Niezależnie od powyższego, strona pozwana kwestionowała od początku procesu datę początkową biegu odsetek, gdyż szkoda została zgłoszona w dniu 19 marca 2012 r., tak więc ustawowy 30 – dniowy termin do spełnienia świadczenia upłynął dopiero w dniu 19 kwietnia 2012r., a zatem odsetki powinny zostać zasądzone na podstawie art. 481 § 1 k.c. od dnia 20 kwietnia 2012 r.

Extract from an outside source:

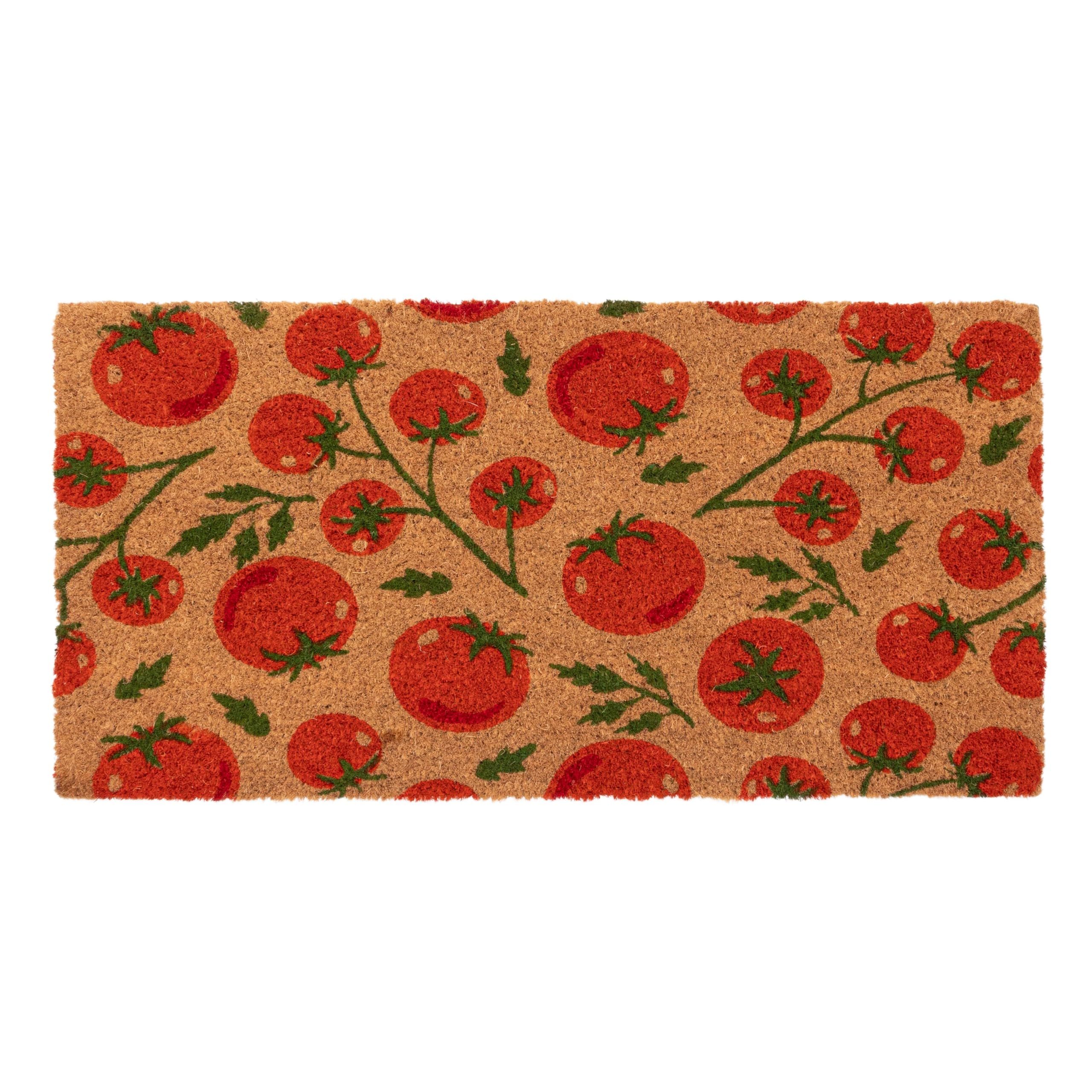 - This playful doormat features natural coir construction with a tomatoes print and non-slip PVC backing.

Z tych względów na skutek apelacji strony pozwanej należało częściowo zmienić zaskarżony wyrok w punktach 1 i 4 na podstawie art. 386 § 2 k.p.c.

W ocenie Sądu ad quem niezasadny jest natomiast zarzut naruszenia art. 102 k.p.c., gdyż brak jego zastosowania spowodowałby całkowitą iluzoryczność korzystnego, co do zasady dla powoda, rozstrzygnięcia. O zastosowaniu tej instytucji zadecydowała także sytuacja materialna i zdrowotna powoda.

Ze względów wyżej wskazanych za całkowicie nietrafną należy uznać apelację powoda. I z tych wszystkich przyczyn trzeba było na podstawie art. 385 k.p.c. oddalić dalej idącą skargę strony pozwanej oraz w całości apelację S. Ł.. O kosztach procesu orzeczono zgodnie z art. 100 zd.1 k.p.c.